The one task that succeeds fully (Task 2: booking) confirms that the platform is optimized for scheduling. The two tasks that fail completely (Tasks 1, 3) are both about learning progress — the platform's weakest area. The two partial successes (Tasks 4, 5) fail on information depth — the parent can perform the action but cannot make a well-informed decision.

---

# Cross-Audit Synthesis

## The Three Audits Converge on One Problem

All three evaluation frameworks independently identify the same fundamental issue:

**The Novakid parent platform is built around scheduling and billing. Learning progress — the primary reason parents use the product — is a secondary, disconnected module.**

- **Nielsen H1 + H4**: Learning progress is invisible on the main dashboard, and the platform contains two inconsistent application contexts (parent area vs. student/achievements area).
- **Norman DN3**: The conceptual model is "booking management tool" when parents expect "learning companion."
- **Cognitive Walkthrough**: The only fully successful task is booking a lesson. Both progress-related tasks fail completely.

## What the 23-Screenshot Set Reveals

This audit is conducted from a complete screenshot set that covers every accessible section of the platform. Key observations that differ from or extend prior assessments:

1. **The Achievements page works** — it is not a 404 or broken page. It loads and displays 16 Can-Do skill badges in circular icons (`12-student-achievements-badges.jpg`). The issue is not access but information design: all badges look identical regardless of skill state.
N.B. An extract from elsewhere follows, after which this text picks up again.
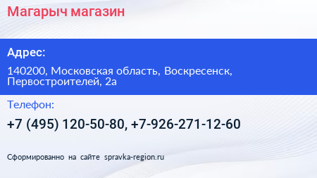 Магарыч, магазин по адресу 140200, Московская область, Воскресенск, Первостроителей, 2а в дальнейшем Организация, размещена в следующих категориях:

2. **The Program tab shows a real curriculum** — 16 topics for Level 0 Pre-K (`13-student-program-curriculum.jpg`), with Level 1 Juniors visible below. The curriculum structure exists. The issue is that no progress indicators distinguish completed, current, and future topics.
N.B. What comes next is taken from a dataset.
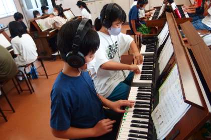9月9日の東広瀬小学校(76) 公開日 2022/09/11 更新日 2022/09/11 活動の様子 5年生の音楽の授業の様子です。 ヘッドフォンを使って、各自のペースで、個別に学習を進めています。 タブレットで撮影しています。

3. **Homework and Album have functional empty states** — not 404 errors (`14-student-homework-empty.jpg`, `15-student-album-empty.jpg`). The pages load and display appropriate empty-state messages. The issue is that empty states are bare text with no illustration, no guidance, and no scaffolding.

4. **The Library is substantial** — 25+ content categories (`09-library-categories-collapsed.jpg`) with activity books, karaoke, worksheets, songs, CLIL lessons, and level-specific materials. The content exists. The issue is that it is presented as a flat, unsorted list with no personalization by child's level.

5. **The Help center has a locale mismatch** — main page in Turkish (`16-help-center-turkish.jpg`), sub-pages in English (`17-help-center-subscription-faq.jpg`). This is a localization bug, not an architectural problem.

6. **The subscription purchase page requires 4 simultaneous decisions** (`20-subscription-purchase.jpg`) — teacher category, frequency, duration, billing type. This is cognitively dense but functional. The pricing display uses "$" with Turkish Lira values.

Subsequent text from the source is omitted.